Task material ▸

>>>

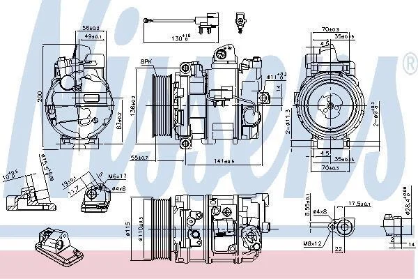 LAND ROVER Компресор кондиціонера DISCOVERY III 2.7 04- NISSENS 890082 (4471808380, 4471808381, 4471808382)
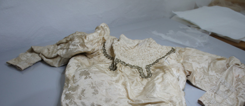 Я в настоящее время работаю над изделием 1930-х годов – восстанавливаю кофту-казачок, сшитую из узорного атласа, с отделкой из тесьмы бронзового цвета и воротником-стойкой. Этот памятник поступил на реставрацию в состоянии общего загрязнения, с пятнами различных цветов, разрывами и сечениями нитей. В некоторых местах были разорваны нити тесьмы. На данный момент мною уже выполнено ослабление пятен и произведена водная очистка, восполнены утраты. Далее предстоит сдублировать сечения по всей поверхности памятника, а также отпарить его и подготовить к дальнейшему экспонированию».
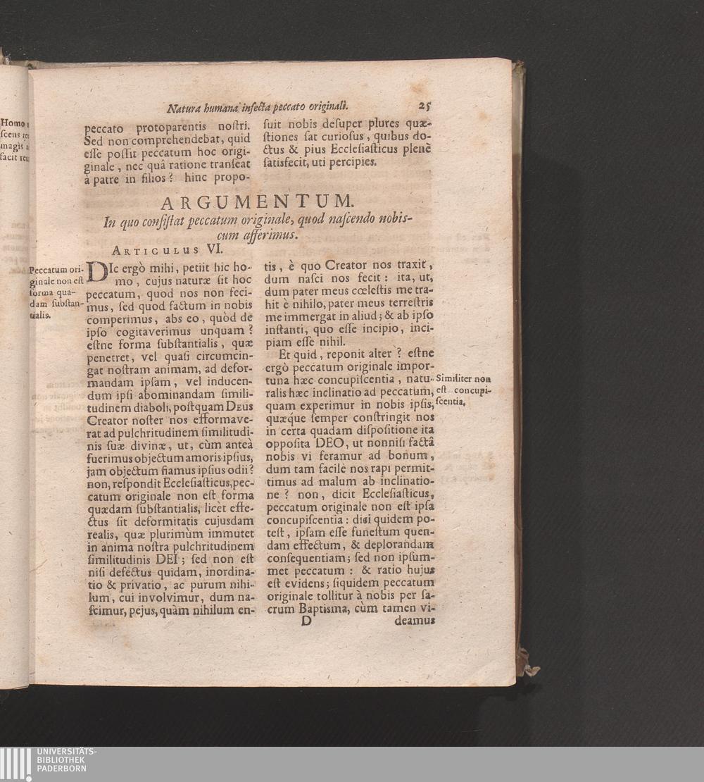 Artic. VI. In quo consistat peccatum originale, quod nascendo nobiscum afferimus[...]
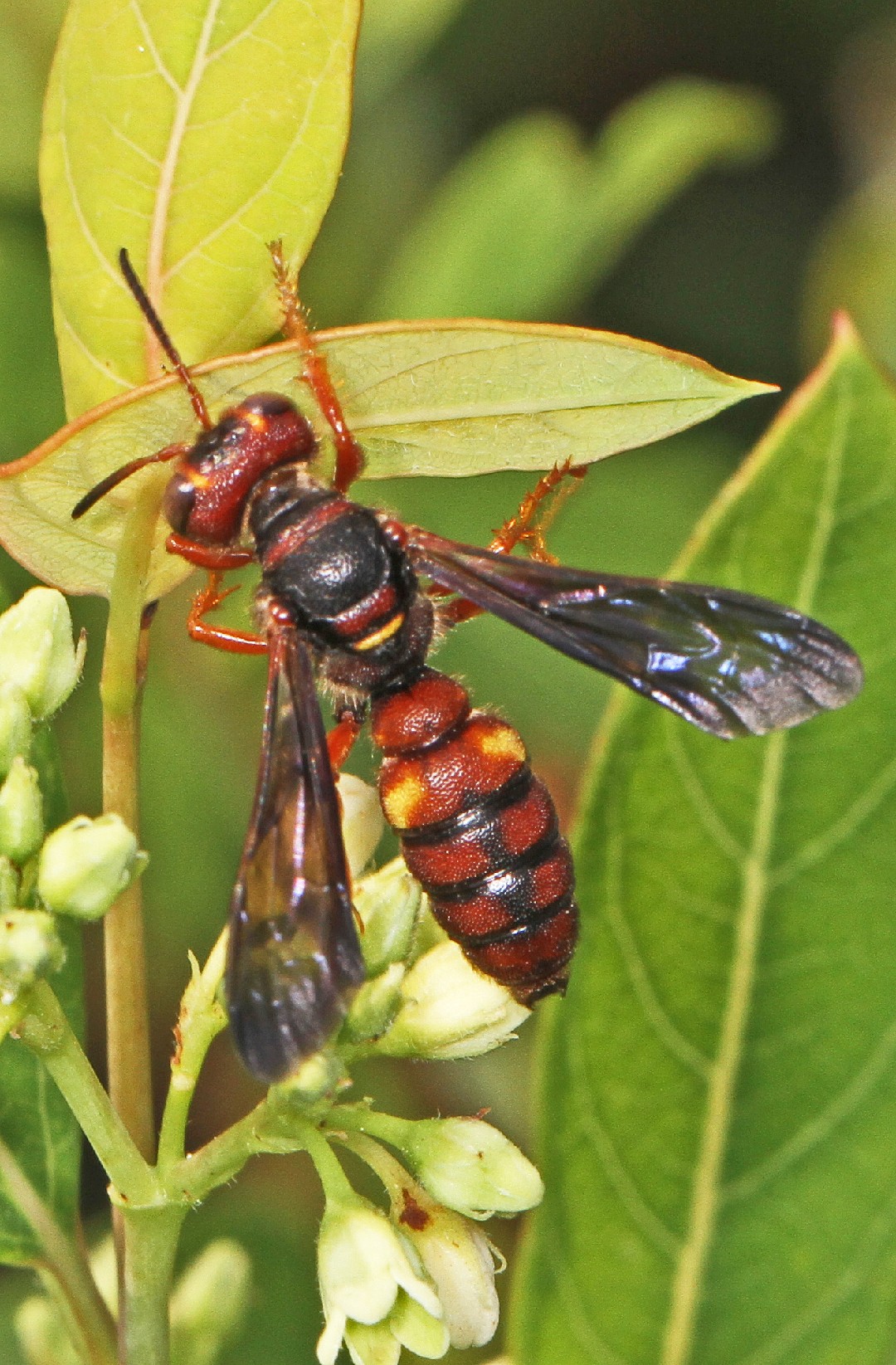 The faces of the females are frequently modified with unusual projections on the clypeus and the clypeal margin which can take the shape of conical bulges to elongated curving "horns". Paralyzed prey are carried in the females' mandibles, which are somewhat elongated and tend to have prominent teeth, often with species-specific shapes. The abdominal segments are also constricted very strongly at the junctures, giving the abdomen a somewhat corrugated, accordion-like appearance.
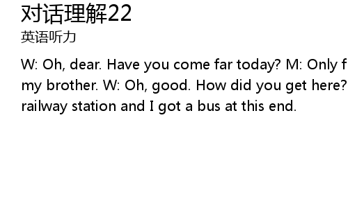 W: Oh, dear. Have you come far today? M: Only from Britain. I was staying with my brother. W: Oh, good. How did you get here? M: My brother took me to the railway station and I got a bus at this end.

<<<
>>>

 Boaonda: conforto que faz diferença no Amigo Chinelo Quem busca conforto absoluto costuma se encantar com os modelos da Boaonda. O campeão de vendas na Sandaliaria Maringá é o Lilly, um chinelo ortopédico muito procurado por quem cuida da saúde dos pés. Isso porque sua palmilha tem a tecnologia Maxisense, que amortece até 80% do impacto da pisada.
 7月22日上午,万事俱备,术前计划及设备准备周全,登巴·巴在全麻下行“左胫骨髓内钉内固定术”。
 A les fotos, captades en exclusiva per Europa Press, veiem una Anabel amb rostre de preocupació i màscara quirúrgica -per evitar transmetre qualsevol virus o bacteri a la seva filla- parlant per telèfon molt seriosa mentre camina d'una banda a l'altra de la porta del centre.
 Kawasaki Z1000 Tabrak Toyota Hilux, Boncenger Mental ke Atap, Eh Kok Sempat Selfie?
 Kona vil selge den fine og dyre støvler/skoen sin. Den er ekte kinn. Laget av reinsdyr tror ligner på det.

<<<

Exercise objective ▸ Among the entries above, copy exactly only the lines starting with the one containing "7月22日上午,万事俱备,术" and going through the one containing "Kona vil selge", both ends included.

Response to the exercise ▸
 7月22日上午,万事俱备,术前计划及设备准备周全,登巴·巴在全麻下行“左胫骨髓内钉内固定术”。
 A les fotos, captades en exclusiva per Europa Press, veiem una Anabel amb rostre de preocupació i màscara quirúrgica -per evitar transmetre qualsevol virus o bacteri a la seva filla- parlant per telèfon molt seriosa mentre camina d'una banda a l'altra de la porta del centre.
 Kawasaki Z1000 Tabrak Toyota Hilux, Boncenger Mental ke Atap, Eh Kok Sempat Selfie?
 Kona vil selge den fine og dyre støvler/skoen sin. Den er ekte kinn. Laget av reinsdyr tror ligner på det.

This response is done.